What happens to our kids when vaccine misinformation reigns?

It has been my honor and privilege to practice general pediatrics in Idaho for 25 years. I have worked with families from Boise and Eagle to Nampa and Caldwell. But I feel compelled to speak out today because the world has shifted underneath my colleagues and me, and not in a good way.
Until this year, I can honestly say:
• Never have I ever thought I would worry about taking care of a child with measles, a disease that I have studied but have never seen before now, thanks to the MMR vaccine. However, because of misinformation spread by people who have not spent their lives taking care of kids, we have seen over 1,500 cases nationally this year, with more than one in ten children needing to be hospitalized. And it’s not just measles. Because of decreased immunization rates, more children have suffered and died from measles, influenza, and pertussis in the United States in the last year than during the past several decades combined.
• Never have I ever seen a mother, paralyzed by doubt over the barrage of conflicting, politicized information, cry over whether or not to vaccinate her newborn…not until last month.
• Never have I ever thought that something that was proven wrong years ago would be brought up again as “fact” by people in authority. We know the MMR vaccine does not cause autism. Any supposed link has been robustly and repeatedly disproven by large-scale, independent, published studies conducted over many years.
Never have I ever imagined that individuals who misspell the names of the vaccine-preventable diseases, diseases that I have spent my professional life studying and treating, would hold sway over public health decisions.
The American people should be able to trust the government to use science, experience, and expertise when it comes to our nation’s health. But today we have a Secretary of Health and Human Services with no medical background who is pushing his own agenda. While I strongly believe that everyone is entitled to an opinion, I submit that RFK should not be the person dictating health policy for all Americans.

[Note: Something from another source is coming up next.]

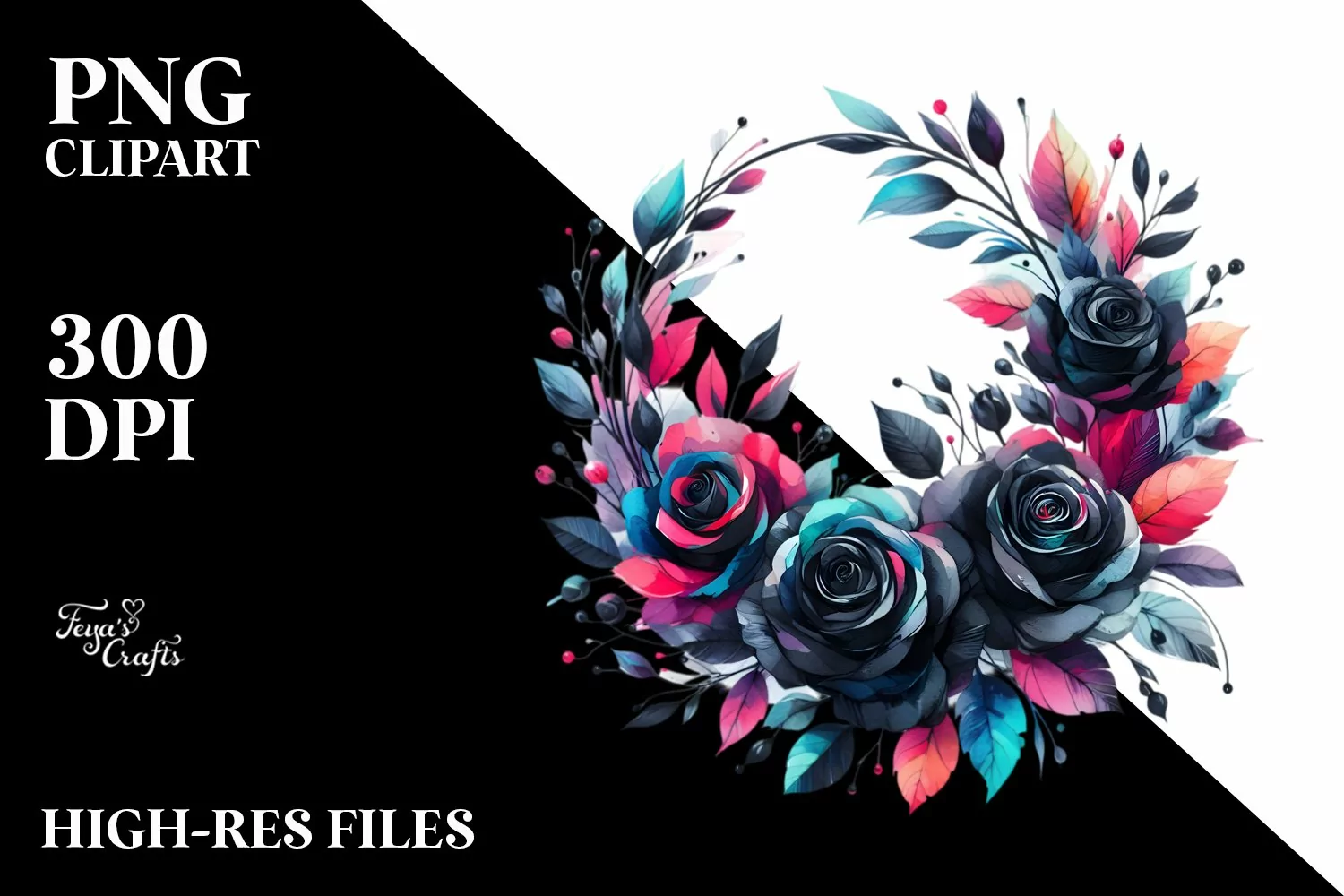 Watercolor Sticker Summer Flower Abstract Vibrant Png Sublimation Whreath Blackroses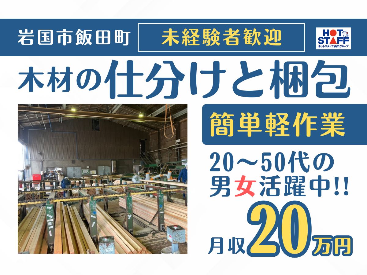 木材をサイズごとに分けて束ねるダケ★未経験OK!基本土日休み♪

Vaccines save lives. They have done so for over a century. Do they carry potential adverse side effects and preservatives? Yes, they do; nobody has said otherwise. All medicines, such as intravenous antibiotics and chemotherapy agents, carry risks and also use preservatives. Should we have a federally-appointed attorney make life-and-death decisions about those as well? We, providers, go through years of medical training so we can spend our days helping families weigh the benefits and risks of all types of decisions, including vaccines. I do not need unfounded accusations in the room between my patient and me while I am practicing medicine.
So, who will protect the children in this year of falsehoods and half-truths? It is not our government, or perhaps not even the 67,000+ pediatricians across the U.S. I believe it will be the parents. Because despite everything that has happened in the last several years, seventy-five percent of American parents across all political affiliations support vaccines and school entry requirements. If parents use their parental freedom to ignore the divisive noise and once again trust evidence and their medical providers, we can protect the progress we’ve made against vaccine-preventable diseases.
Next month, during Idaho’s legislative session, there will be a bill introduced to ban all immunization requirements. This bill is extremely dangerous and unnecessary, as it is already very easy in our great state for families to opt out of vaccines if they choose. All this bill will do is send our record-low vaccination rates even lower, which will, in turn, cause more illness and death. We need to step back from the constant barrage of information and demand medical facts over political fiction. Our children are counting on us.
Statements made in this opinion piece are supported by pediatricians across the state through the Idaho Chapter of the American Academy of Pediatrics.”
DR. NOREEN WOMACK, MD
Boise
Dr. Noreen Womack, M.D. is a member of the American Academy of Pediatrics, co-founder of Idaho Children Are Primary and a guardian ad litem for Idaho’s Fourth Judicial District.